YOUR INSTRUCTIONS — Leave out the pictures and repeat exactly the lines from the one containing "Bò cuộn nấm kim châm nướng giấy bạc" through the end of the records.
RECORDED DATA Block Start
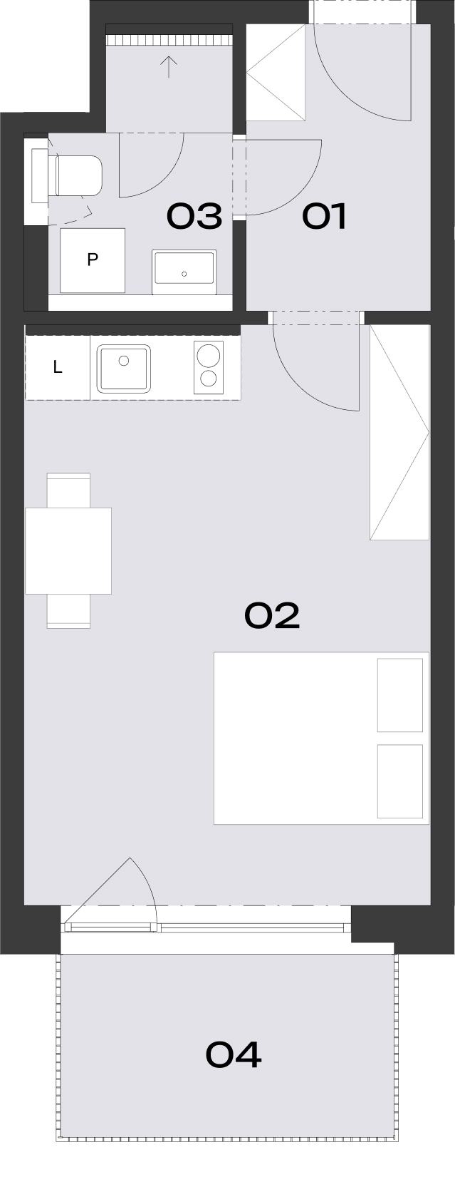 | B1_03.04 | byt | 3.NP | 1+kk | Z | 23,9 m² | – / – | – / – | 23,9 m² | 2028 | Rezervováno | |||
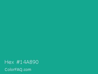Hex #14a890 Color is a normal cyan color and the nearest color is Mountain Meadow Crayola #1ab385. Hex code #14a890 and RGB value is rgb(20,168,144). In RGB color space, this color is composed of 8% red, 66% green, 56% blue, In CMYK color space, this color is composed of 88% cyan, 0% magenta, 14% yellow , 34% black , In HSL color space, this color has a hue angle of 170° , 79% saturation and 37% lightness.
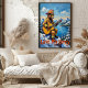 Denna hjärtslitande konst fångar en björn klädd i brandkårer, inklusive en hjälm och solglasögon, som spelar en akustisk gitarr medan den sitter bekvämt på en sten som är täckt av snö i bergen. En burk av honung med en dipper ligger nära. Bakgrunden är en lugn blå sjö som är belägen bland toppar med snö och eviga gröna skogar under ett delvis grumligt himmel. Målningens tjocka, texturerade linjer ökar bildens överhängande kvalitet, med orden "Kärlek My Honung" som visas nedan.
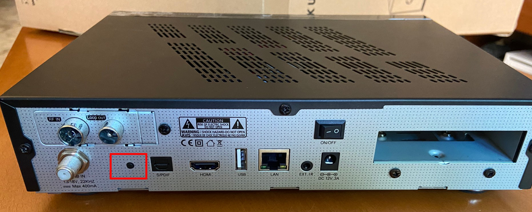 Ahora pulsamos (mantenemos pulsado el boton recovery del receptor ubicado en la parte posterior del mismo)
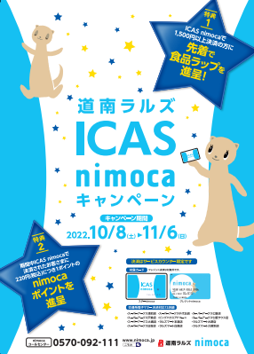 期間中、ICASnimoca電子マネーで決済された方を対象に、粗品のプレゼントや、nimocaポイントを進呈いたします。
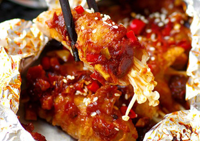 Bò cuộn nấm kim châm nướng giấy bạc
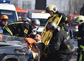 Межведомственные учения по ликвидации последствий чрезвычайной ситуации на автомобильном транспорте на 4-ом километре автомобильной дороги М-1 "Беларусь". Спасатели Московского гарнизона во время учений.
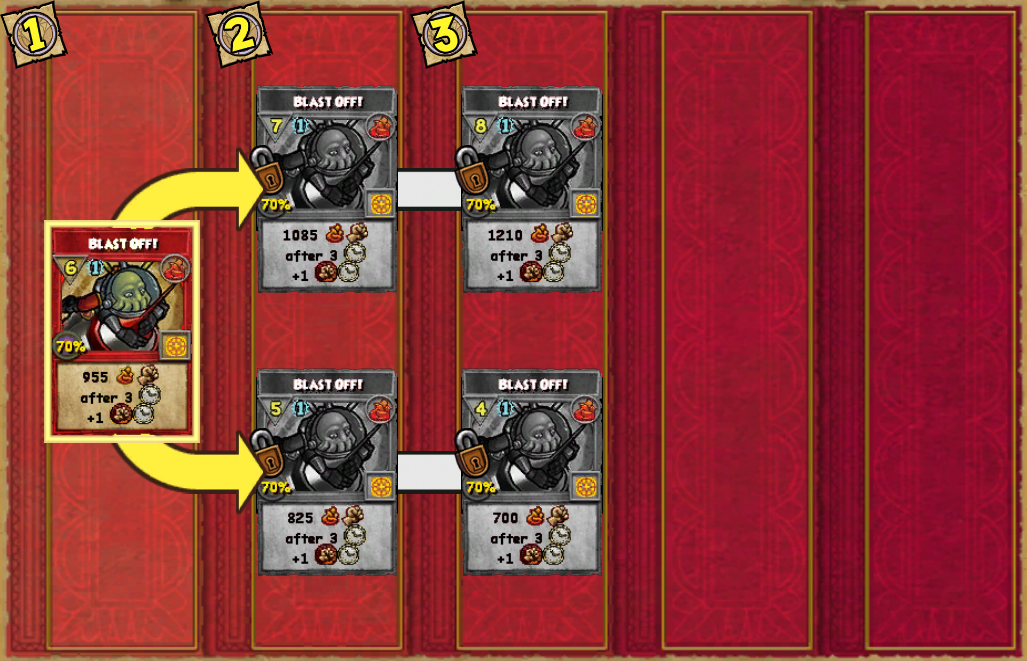 Top Path: Increase the pip cost to 6 and then 7, with increasing damage.
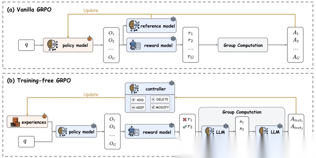 - 传统GRPO更新模型参数,Training-Free GRPO更新上下文经验。
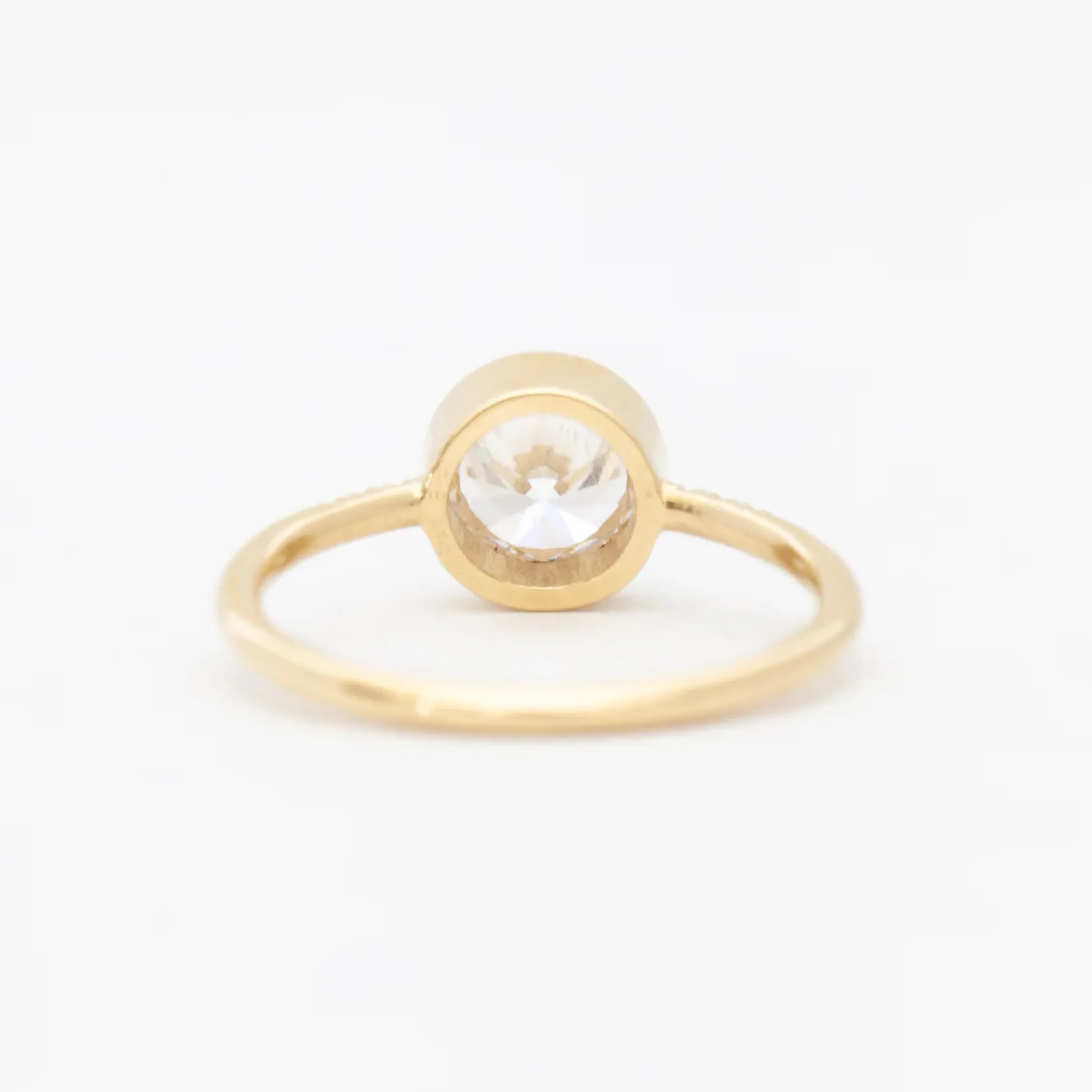 Cleanly set with Jennie Kwon Designs’ hand-crafted milgrain detail, this bold bezel setting accentuates and elevates a sparkling round diamond in a way that it’s utterly sophisticated and simple. This is simple beauty at its best, completed with a sprinkling of white diamonds on the band. Made in the U.S.A.
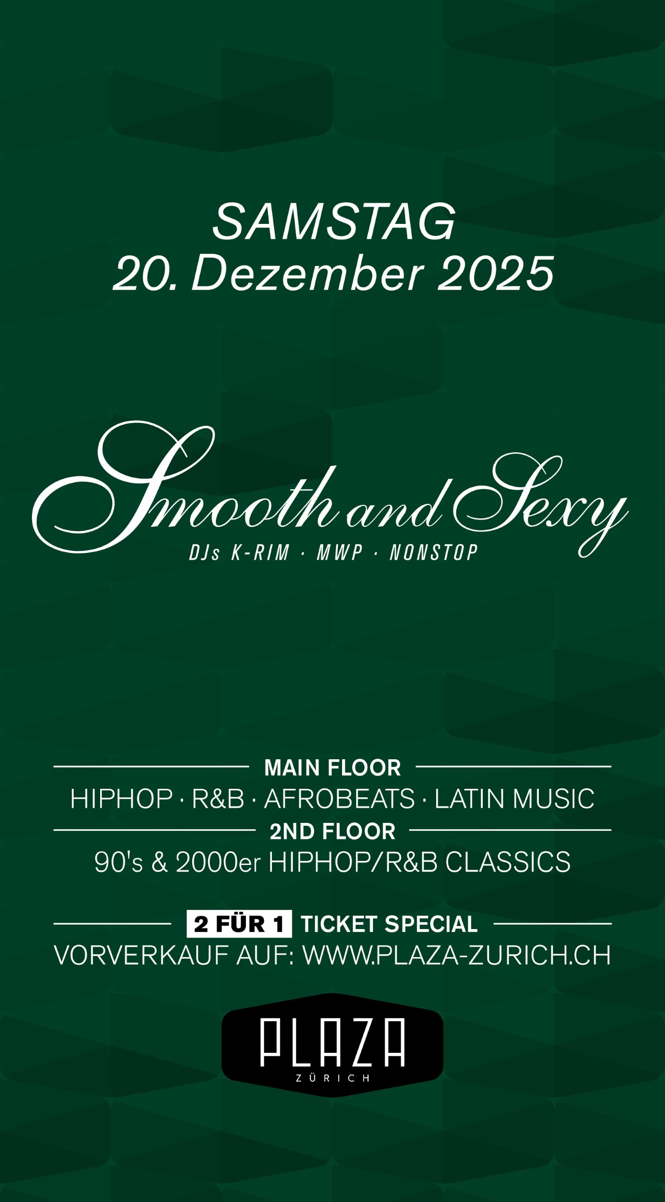 Im Mai geht es mit der Smooth N Sexy natürlich nahtlos im PLAZA Klub weiter und wir freuen uns, euch am angestammten Platz, dem dritten Samstag des Monats, zu begeistern! Die original ladies favourite gehört zu den beliebtesten Partylabels der Stadt und hat mittlerweile Kultstatus erreicht. Dazu beigetragen hat sicherlich auch das DJ-Team bestehend aus K-RIM, Mwp, Nonstop & Oris, welche mit einem phänomenalen Musikmix aus HipHop, R&B, Afrobeats, Dancehall & Latin Music zu überzeugen wissen. In der über 19-jährigen Smooth N Sexy Geschichte konnten wir mittlerweile unzählige positive Erinnerungen schaffen und dafür sagen wir Danke und freuen auf die Nacht des 17. Mai 2025, wenn das PLAZA wieder heiss ist und smooth and sexy dazu!
RECORDED DATA Block End
REPLY —
 Bò cuộn nấm kim châm nướng giấy bạc
 Межведомственные учения по ликвидации последствий чрезвычайной ситуации на автомобильном транспорте на 4-ом километре автомобильной дороги М-1 "Беларусь". Спасатели Московского гарнизона во время учений.
 Top Path: Increase the pip cost to 6 and then 7, with increasing damage.
 - 传统GRPO更新模型参数,Training-Free GRPO更新上下文经验。
 Cleanly set with Jennie Kwon Designs’ hand-crafted milgrain detail, this bold bezel setting accentuates and elevates a sparkling round diamond in a way that it’s utterly sophisticated and simple. This is simple beauty at its best, completed with a sprinkling of white diamonds on the band. Made in the U.S.A.
 Im Mai geht es mit der Smooth N Sexy natürlich nahtlos im PLAZA Klub weiter und wir freuen uns, euch am angestammten Platz, dem dritten Samstag des Monats, zu begeistern! Die original ladies favourite gehört zu den beliebtesten Partylabels der Stadt und hat mittlerweile Kultstatus erreicht. Dazu beigetragen hat sicherlich auch das DJ-Team bestehend aus K-RIM, Mwp, Nonstop & Oris, welche mit einem phänomenalen Musikmix aus HipHop, R&B, Afrobeats, Dancehall & Latin Music zu überzeugen wissen. In der über 19-jährigen Smooth N Sexy Geschichte konnten wir mittlerweile unzählige positive Erinnerungen schaffen und dafür sagen wir Danke und freuen auf die Nacht des 17. Mai 2025, wenn das PLAZA wieder heiss ist und smooth and sexy dazu!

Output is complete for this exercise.